Input data -
▬▬▬

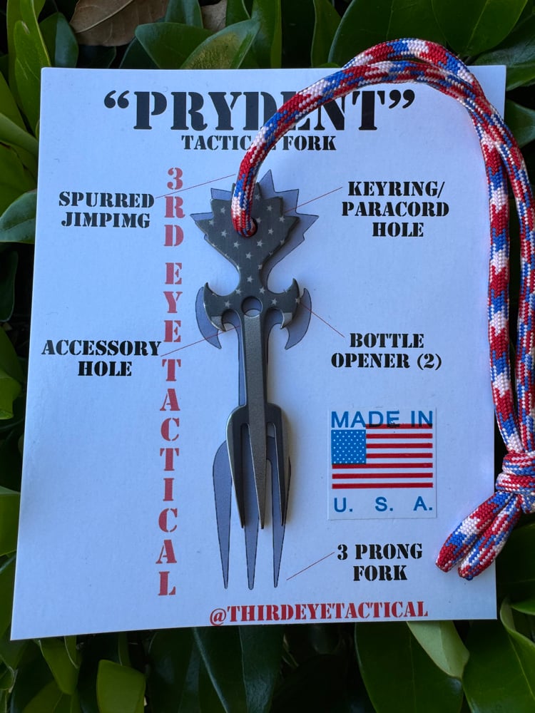 Prydent Tactical Fork with custom Stars N Stripes laser engraving. Cut from titanium for a lightweight bottleopener that not only looks good but is also functional. Comes with red, white and blue colored lanyard, unique Prydent themed stickers, Keyring accessories and bottle cap magnet.
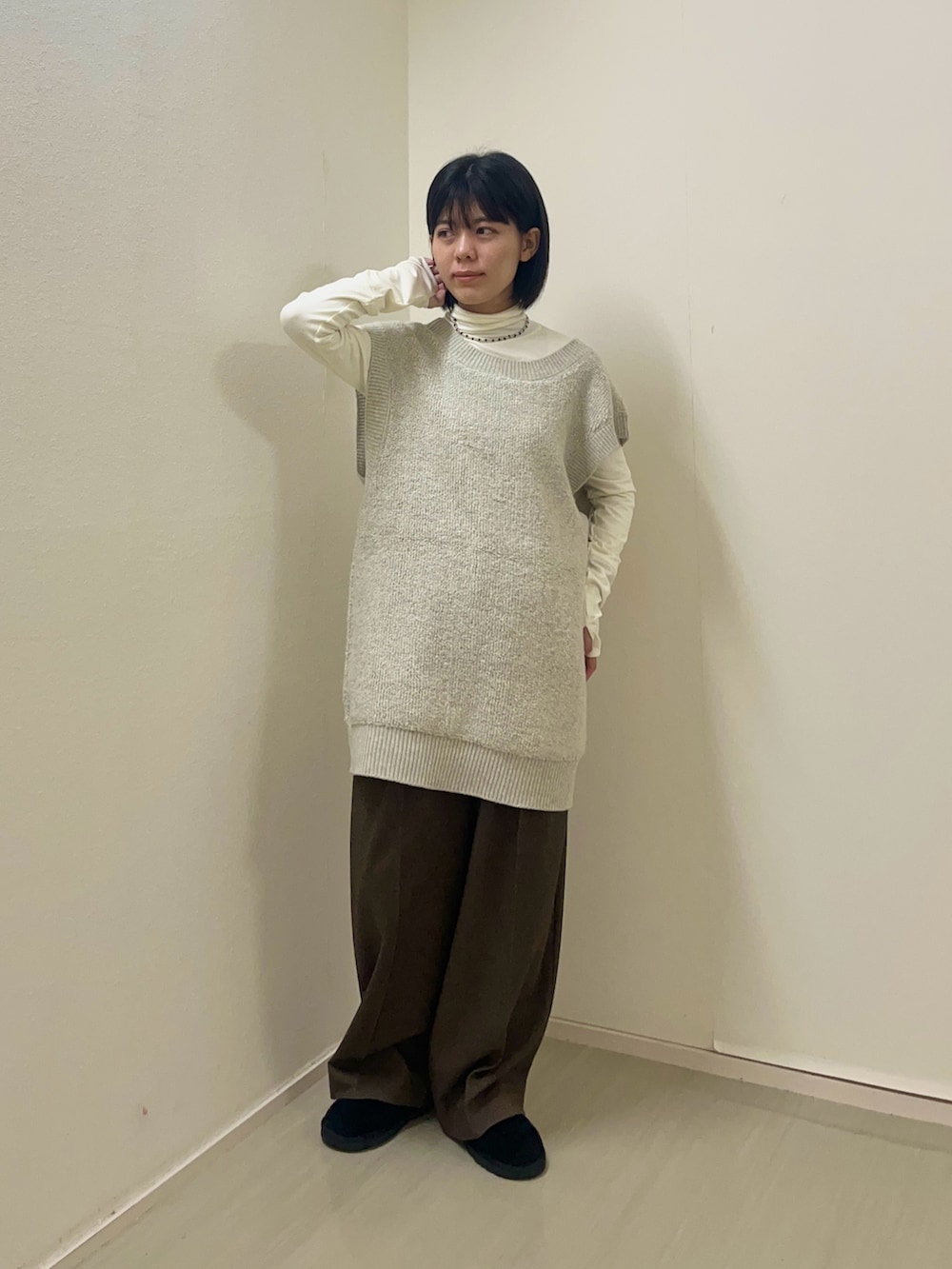 前後どちらでも着れるニットを使ったコーディネートです🙆‍♀️✨️
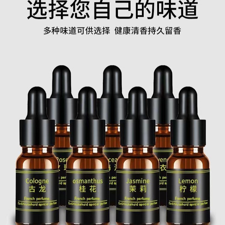 新款汽车香水自然植物配方多款香型精油汽车出风口香薰补充液批发

▬▬▬

Activity -
Reproduce the listing exactly, but keep its images out of the copy.

Finished exercise -
 Prydent Tactical Fork with custom Stars N Stripes laser engraving. Cut from titanium for a lightweight bottleopener that not only looks good but is also functional. Comes with red, white and blue colored lanyard, unique Prydent themed stickers, Keyring accessories and bottle cap magnet.
 前後どちらでも着れるニットを使ったコーディネートです🙆‍♀️✨️
 新款汽车香水自然植物配方多款香型精油汽车出风口香薰补充液批发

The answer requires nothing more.